После европейских поэтов один за другим, передавая микрофон стремительно, как палочку эстафеты, читали американцы. Стихи были неравноценные, но, надо отдать должное, это было первоклассное шоу. Тед Джонс читал в ритме негритянского блюза, как будто ему подыгрывал нью-орлеанский джаз. Энн Уолд-ман и Питер Орловский читали стихи не только голосом, а переходили на пение, как будто внутри каждого из них сидела портативная Има Сумак. Джон Джорно рубил строчки, как поленья. Тед Берриган аккомпанировал сам себе магнитофоном, на котором были записаны собачий лай, рев паровоза и прочее. А отец «литературных хулиганов» Уильям Берроуз, все-таки усевшись на пол, несмотря на свой почтенный артрит, самым официальным бухгалтерским голосом прочитал сюрреалистский страшный этюд о взрыве на ядерной станции.
Просто, без всякого нажима читал Грегори Корсо. Прекрасны были стихи Ферлингетти о старых итальянцах, умирающих в Америке. Дайана ди Прима тоненьким голоском девочки прочла стихи о никарагуанских детях, вступающих в ряды сандинистов. Гинс-берг завершил вечер своеобразным речитативом, подхваченным всеми американцами.
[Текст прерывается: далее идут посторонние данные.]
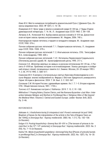 17. Kezha Y.N. Mesta knyazheskih pogrebenij v domongol’skoj Rusi [Places of princely burials in pre-Mongol Rus’], in Drevnyaya Rus’. Voprosy medievistiki. 2022. No. 1(87). Pp. 16-35 (in Russian).

В стихах американцев были и неофутуристский эпатаж, и перебор смачностей, но все стихи в целом были криком против милитаризма, криком против загрязнения окружающей среды — как технического, так и духовного.
После окончания вечера примерно тысяча человек ринулись на сцену — на этот раз чтобы пожать руки поэтов, и со сценой наконец случилось то, что должно было случиться уже в первый день, — она рухнула. Двух девушек увезли на «скорой помощи», — к счастью, они отделались легкими переломами. Заключительный вечер оказался вечером победы.
Вот и вся горькая и в то же время обнадеживающая правда о том, что произошло на «диком пляже» Кастельпорциано, в нескольких километрах от места, где убили Пазолини, убитого еще до этого самим собой. И, может быть, обезлиственное и обезвет-вленное дерево, как единственный памятник ему стоящее на иссохшей глиняной дороге, шевельнулось от победного эха аплодисментов победившей поэзии, словно надеясь еще покрыться листьями и расцвести.
Поэма, которая спасла сотни жизней
В старости люди редко кончают жизнь самоубийством. Чаще всего это происходит с юными людьми — от первого обмана, предательства, неразделенной любви, одиночества, от того, что некому высказать все, что изнутри раздирает душу. Это не означает, что в старости люди не испытывают тех же самых страданий, но они уже с ними свыклись и носят их так же привычно, как горб, сросшийся с ними.